Romney failed to make any headway Feb. 5, when 21 states voted to pick their nominee. That essentially ended his 2008 campaign, but Romney positioned himself for another run.
Being human • Four years later, after a grueling primary season, Romney clinched the 2012 nomination and afterward he appeared to be more comfortable showing the nation a slice of his religious life, largely as a way to humanize the candidate.
It was at the Republican National Convention in Tampa, where Romney's faith went on full display. Ann Romney capped the first night, offering the national television audience the heartfelt story of meeting her husband, rearing their five boys and being diagnosed with multiple sclerosis. She also became the first convention speaker to utter the word "Mormon" and talked of the countless hours Mitt spent helping others.
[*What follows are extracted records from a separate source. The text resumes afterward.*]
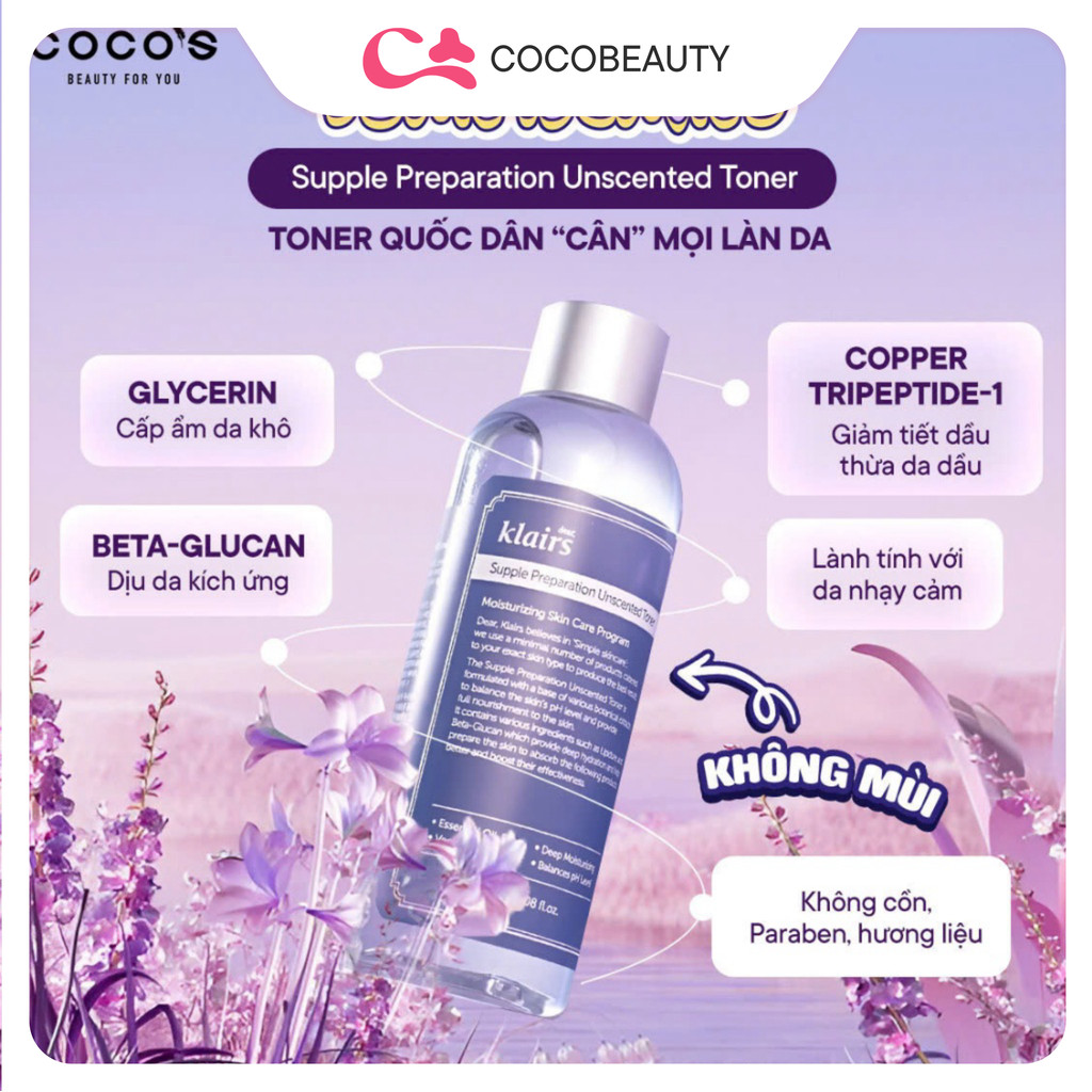 Nước Hoa Hồng Dành Cho Da Nhạy Cảm Dear, Klairs Supple Preparation Toner 180ml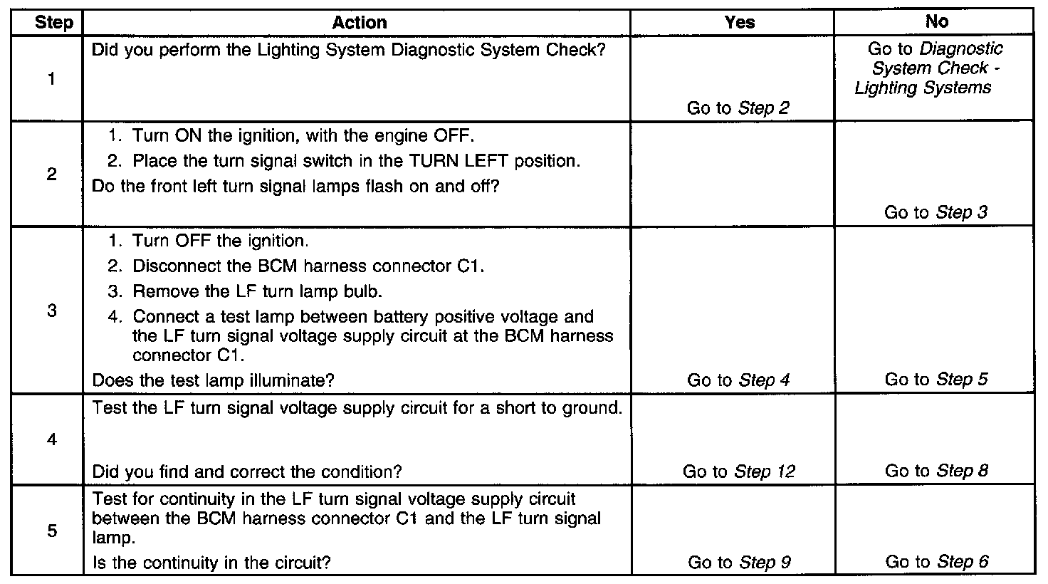 Ground is applied to the turn signal switch. When the turn signal switch is placed in the turn left position, ground is applied to the body control module (BCM) through the left turn signal switch circuit. The BCM then applies a pulsating voltage to the LF and LR turn signal lamps through the LF and LR turn signal voltage supply circuits.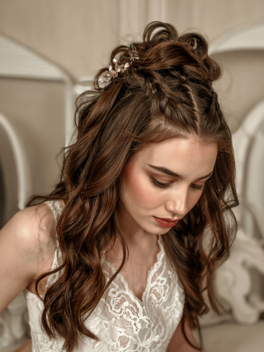 This is a very good style with medium and long hair having a slight wave or curl. The crown part is braided, which lifts the face and provides texture, whereas the looseness of the curls below provides volume. Cabbage a hair accessory or clip to make it even more glamorous. It is one of those fashions which suits well round and heart-shaped faces, giving them height and movement at the top.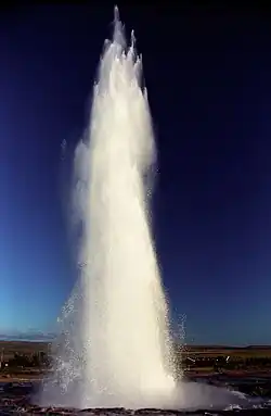 Existen unas 250 zonas geotermales de este tipo con un total de, aproximadamente, 800 fuentes termales. Algunas son manantiales con importantes chorros o géiseres; el más famoso de ellos es el Gran Geysir en Haukadalur en Islandia meridional, del cual deriva la palabra géiser. Otro famoso géiser cercano al Gran Geysir es el Strokkur.

Mormons Pat and Ted Oparowski came next, bringing the audience to silence as they spoke of son David's diagnosis with non-Hodgkin lymphoma. Romney would visit the 14-year-old in the hospital. Toward the end, David learned that Romney was a lawyer and asked him to write his will. On a yellow legal pad, Romney scrawled out that David's skateboard, model rockets and fishing gear would go to his best friends; his brother would get his treasured Ruger .22 rifle.
"How many men do you know would take the time out of their busy lives to visit a terminally ill 14-year-old and help him settle his affairs?" asked Pat Oparowski. Romney gave David's eulogy as he was buried in his Boy Scout uniform.
The campaign decided not to air the testimonials during prime time, when networks provided wall-to-wall coverage, instead they went with Clint Eastwood and an empty chair.
Despite that blunder, it was heartening for Romney and Mormons everywhere to see their faith in the spotlight in a positive way. Shortly after the convention, the Romneys returned to their Wolfeboro, N.H., home and, on Sunday, the Romney brood piled into the Mormon ward there. J.W. "Bill" Marriott, a hotel magnate and longtime friend of the family, rose to the podium to thank the Romneys.
"There has never been as much positive attention to the church, thanks to the wonderful campaign of Mitt Romney and his family," Marriott said. " ... Today we see the church coming out of obscurity, and we see that 90 percent of what has been written and said … 90 percent of it has been favorable."
Romney's religion came up infrequently in the general election, and while he didn't win the presidency, Romney, with the help of Huntsman, ended any serious talk that a Mormon couldn't be a legitimate contender for the nation's highest office.